(EXERCISE DATA begins)

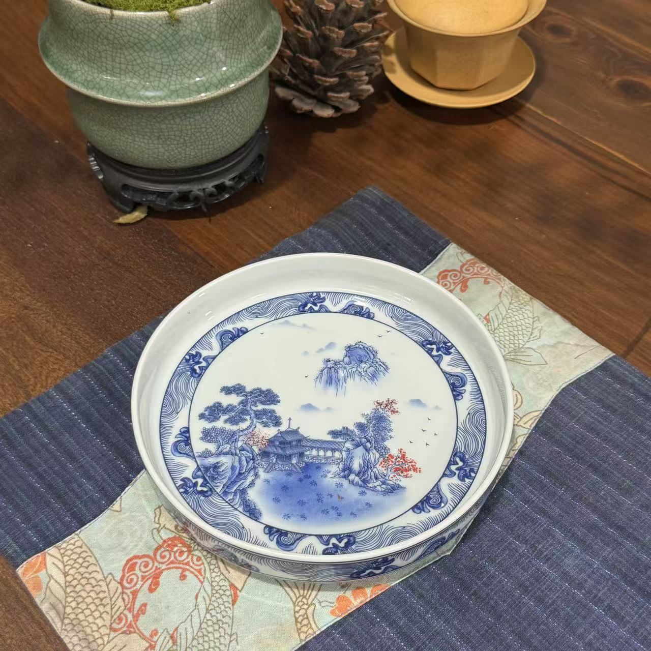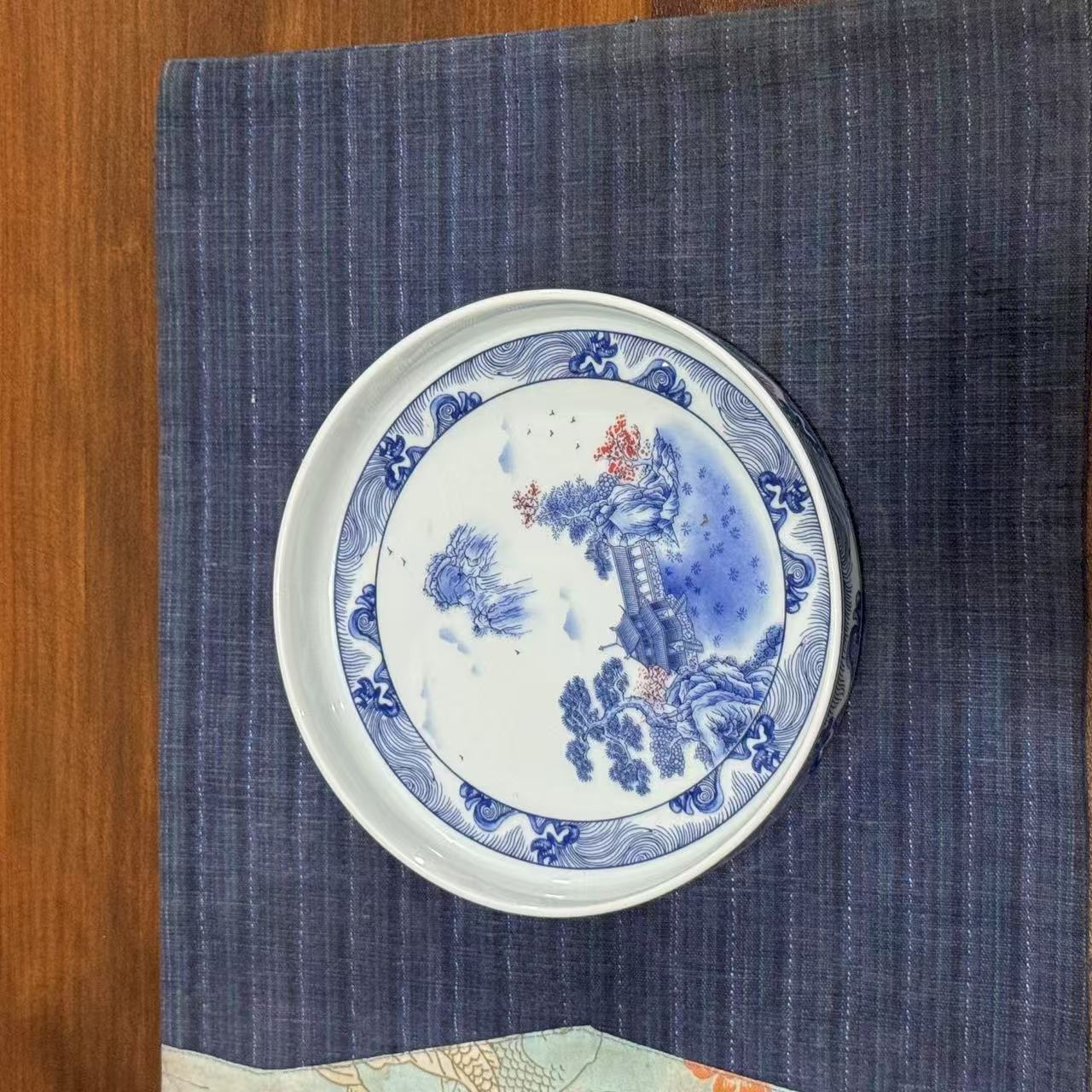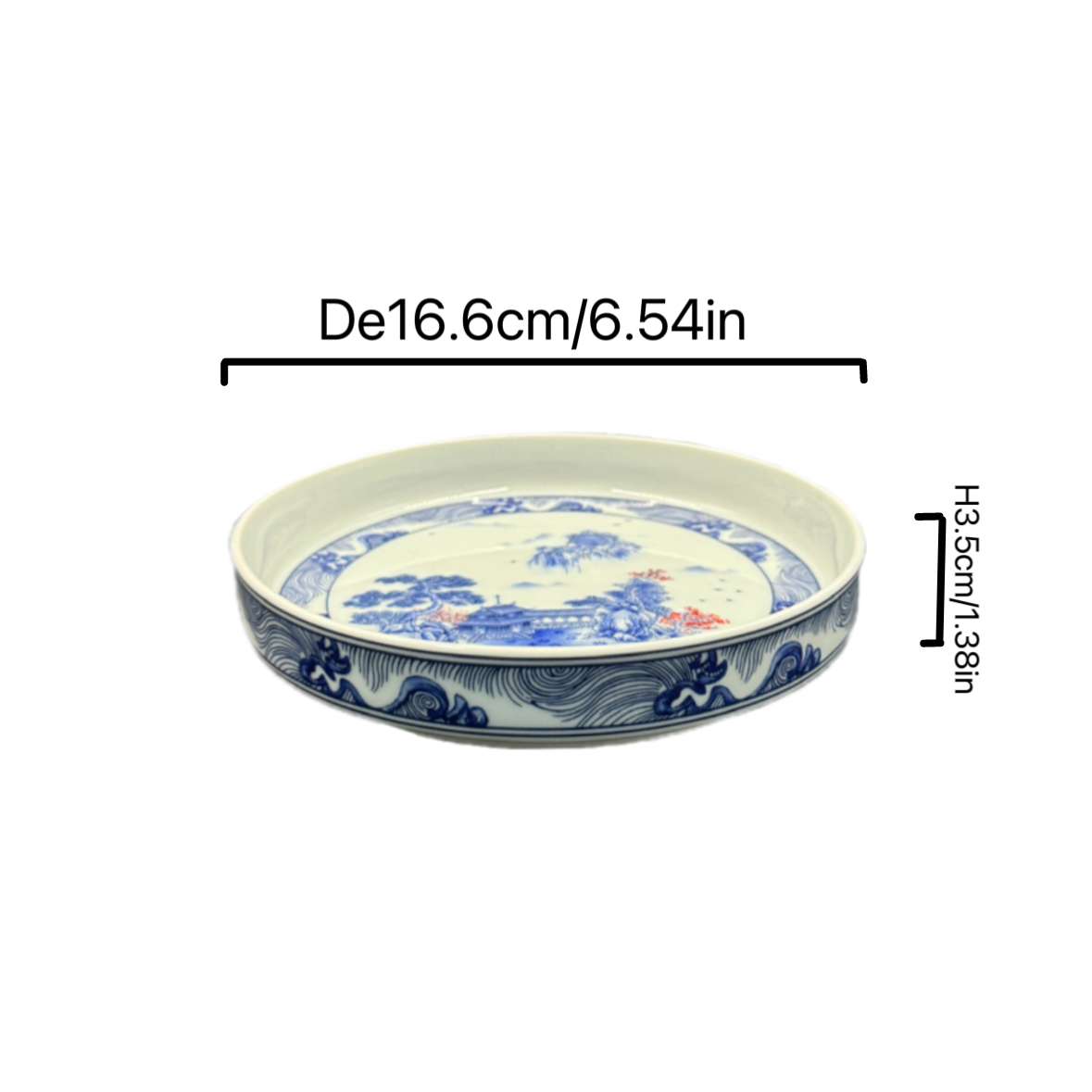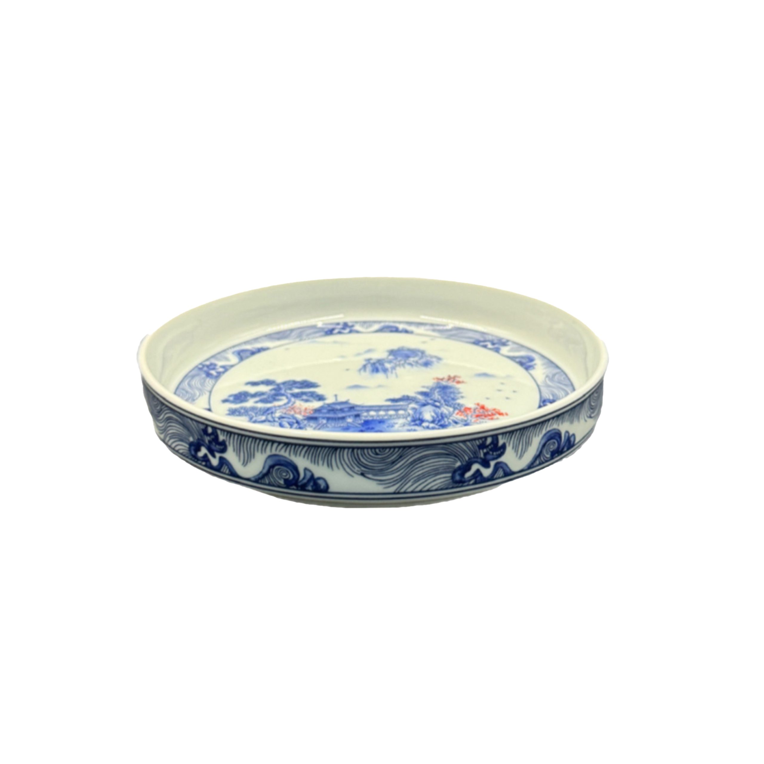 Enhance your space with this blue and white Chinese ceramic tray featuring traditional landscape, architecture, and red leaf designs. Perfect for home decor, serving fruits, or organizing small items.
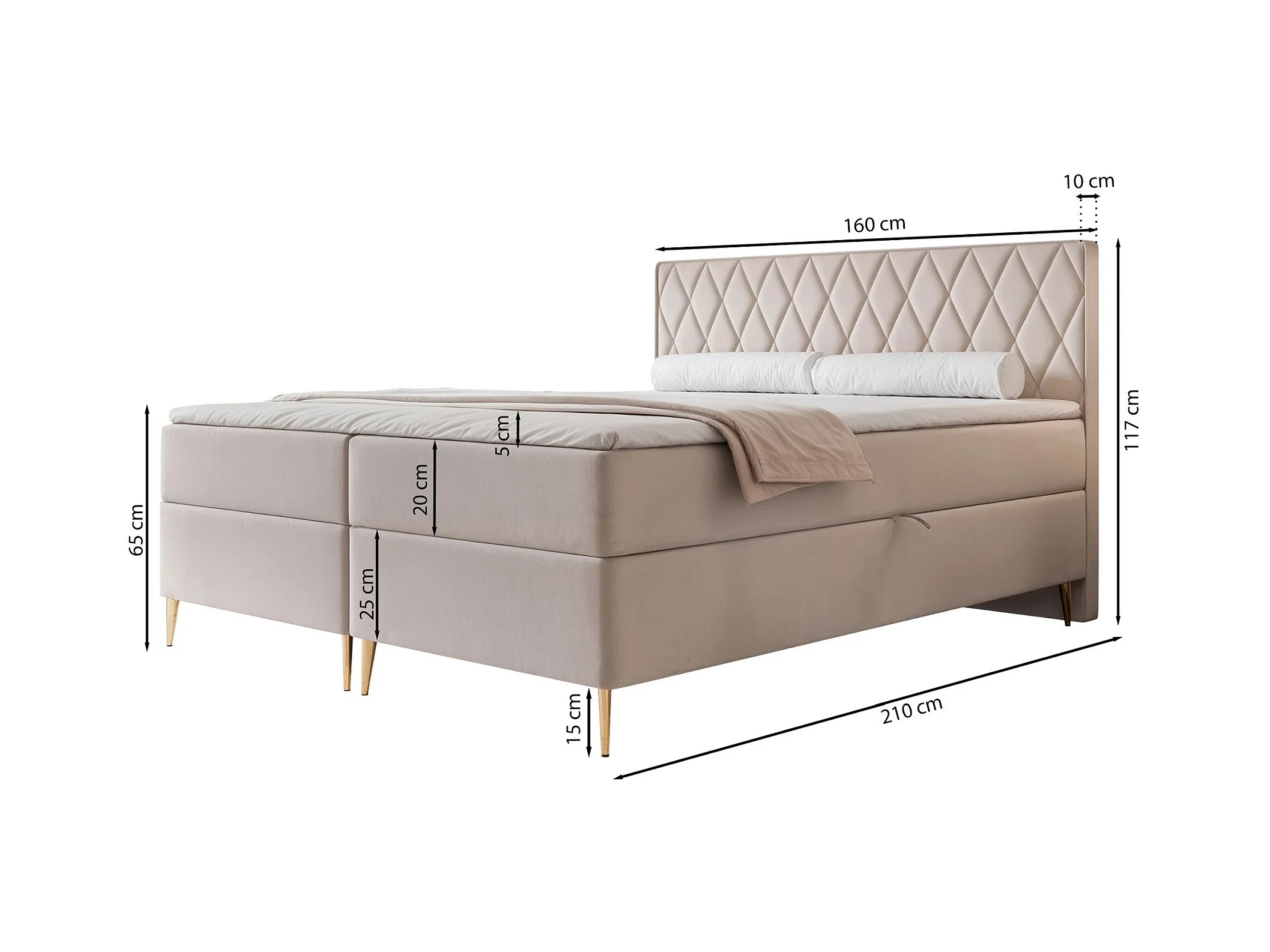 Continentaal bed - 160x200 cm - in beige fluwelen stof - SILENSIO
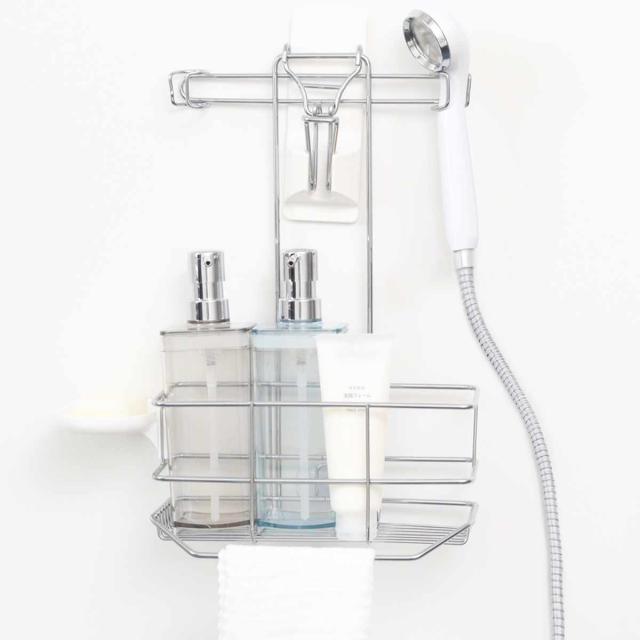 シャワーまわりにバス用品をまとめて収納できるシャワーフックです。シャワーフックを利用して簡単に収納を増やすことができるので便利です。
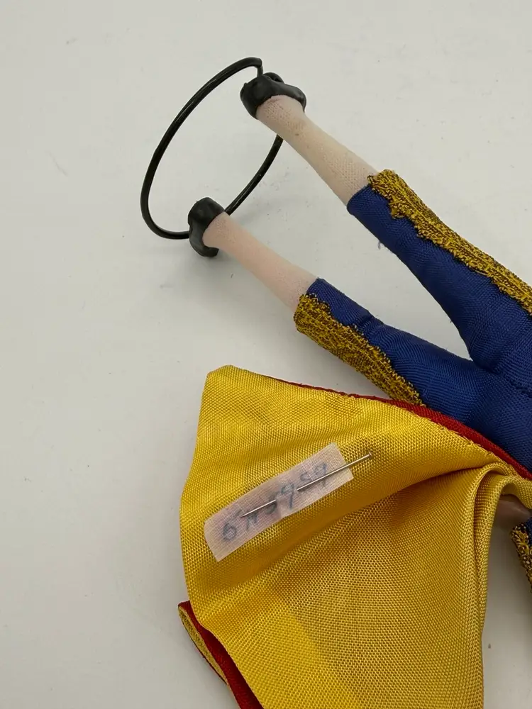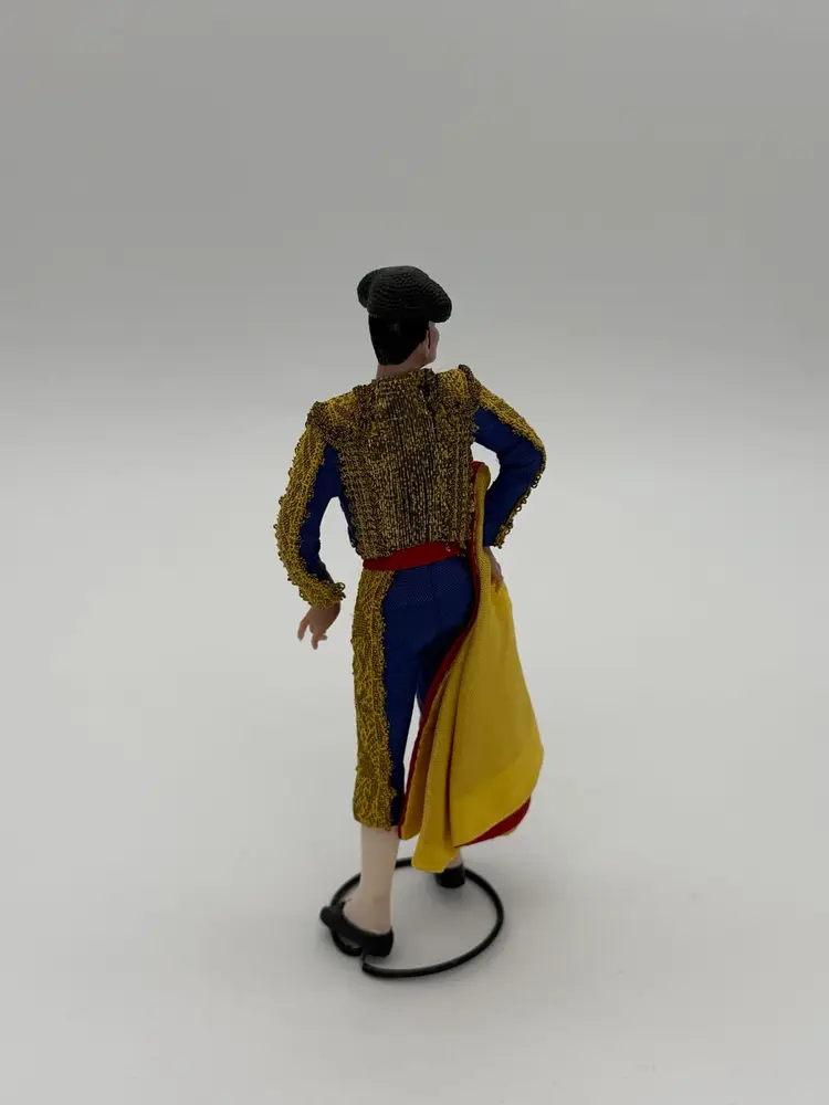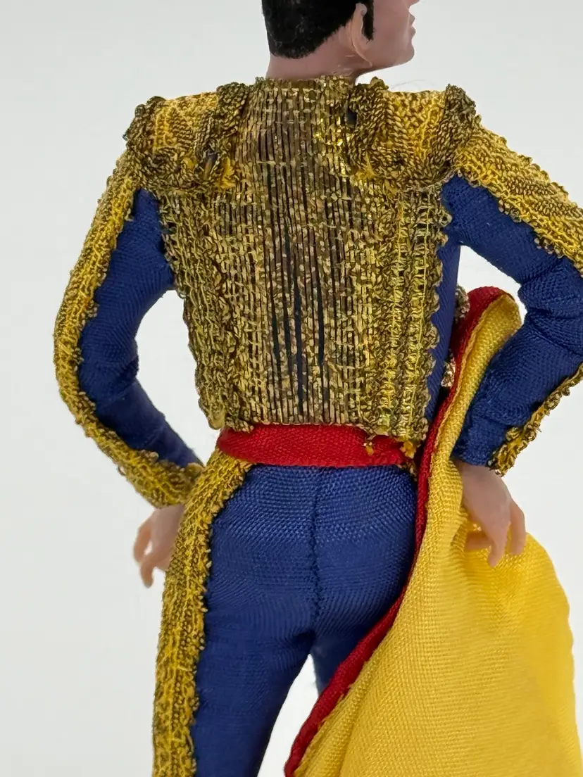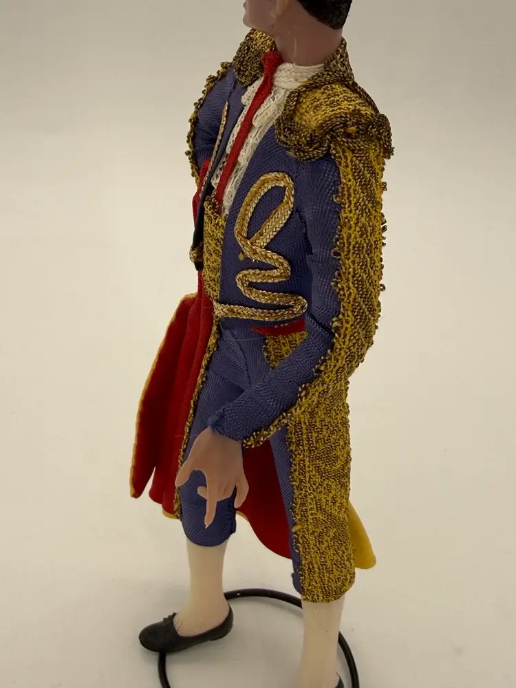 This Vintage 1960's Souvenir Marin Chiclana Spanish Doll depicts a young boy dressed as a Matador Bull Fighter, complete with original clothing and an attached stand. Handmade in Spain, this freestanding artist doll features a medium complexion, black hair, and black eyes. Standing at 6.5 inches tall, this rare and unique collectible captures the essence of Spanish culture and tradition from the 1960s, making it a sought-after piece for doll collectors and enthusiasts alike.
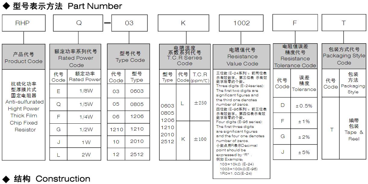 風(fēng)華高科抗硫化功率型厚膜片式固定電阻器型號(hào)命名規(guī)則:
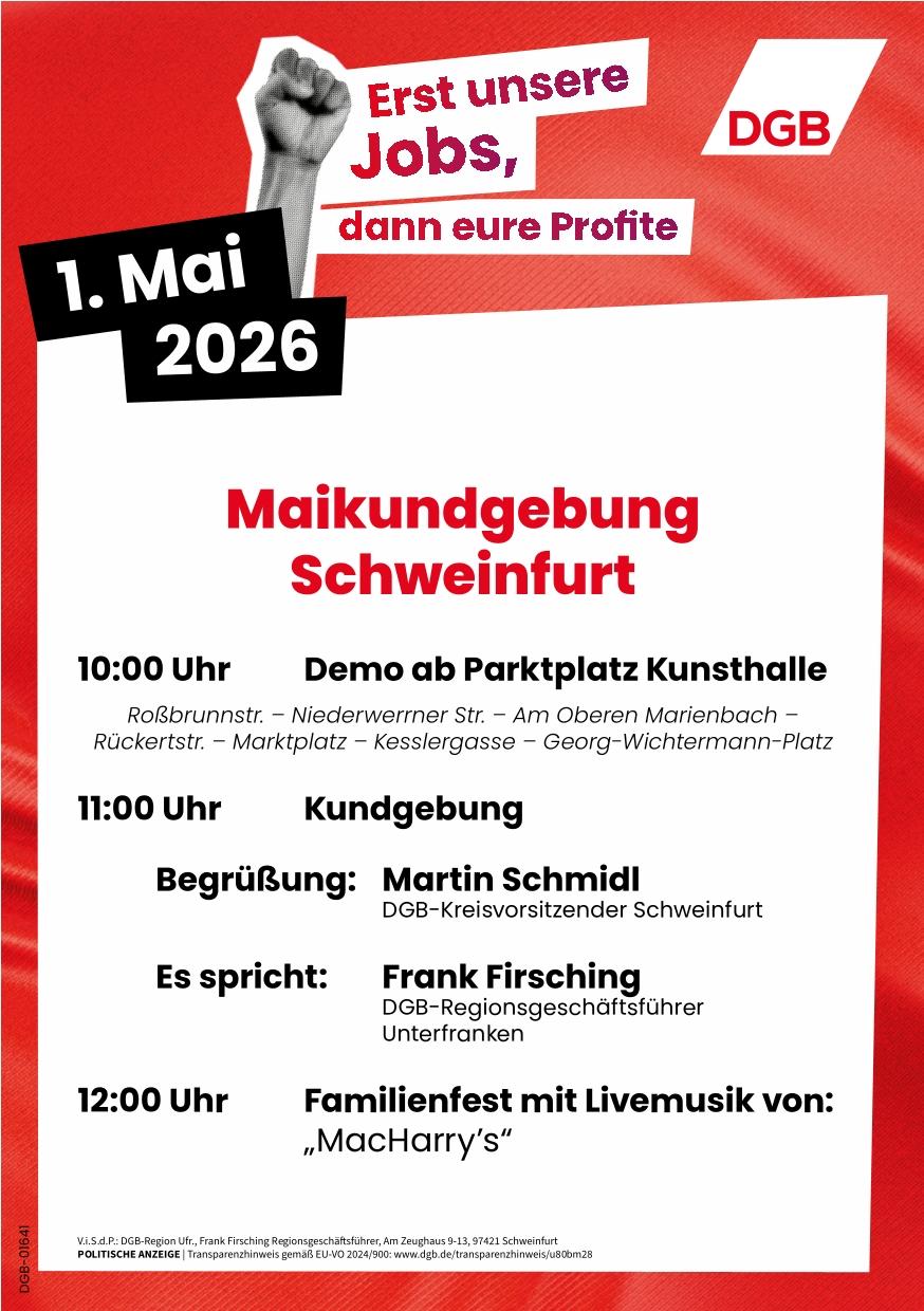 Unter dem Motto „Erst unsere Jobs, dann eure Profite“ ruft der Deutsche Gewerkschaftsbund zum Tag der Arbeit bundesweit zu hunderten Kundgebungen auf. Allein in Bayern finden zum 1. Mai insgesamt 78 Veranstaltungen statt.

(EXERCISE DATA ends)

The result should hold only the lines from the line with "Continentaal bed - 160x200" through the final line of the records above, copied exactly, with pictures left out.

» OUTPUT:
 Continentaal bed - 160x200 cm - in beige fluwelen stof - SILENSIO
 シャワーまわりにバス用品をまとめて収納できるシャワーフックです。シャワーフックを利用して簡単に収納を増やすことができるので便利です。
 This Vintage 1960's Souvenir Marin Chiclana Spanish Doll depicts a young boy dressed as a Matador Bull Fighter, complete with original clothing and an attached stand. Handmade in Spain, this freestanding artist doll features a medium complexion, black hair, and black eyes. Standing at 6.5 inches tall, this rare and unique collectible captures the essence of Spanish culture and tradition from the 1960s, making it a sought-after piece for doll collectors and enthusiasts alike.
 風(fēng)華高科抗硫化功率型厚膜片式固定電阻器型號(hào)命名規(guī)則:
 Unter dem Motto „Erst unsere Jobs, dann eure Profite“ ruft der Deutsche Gewerkschaftsbund zum Tag der Arbeit bundesweit zu hunderten Kundgebungen auf. Allein in Bayern finden zum 1. Mai insgesamt 78 Veranstaltungen statt.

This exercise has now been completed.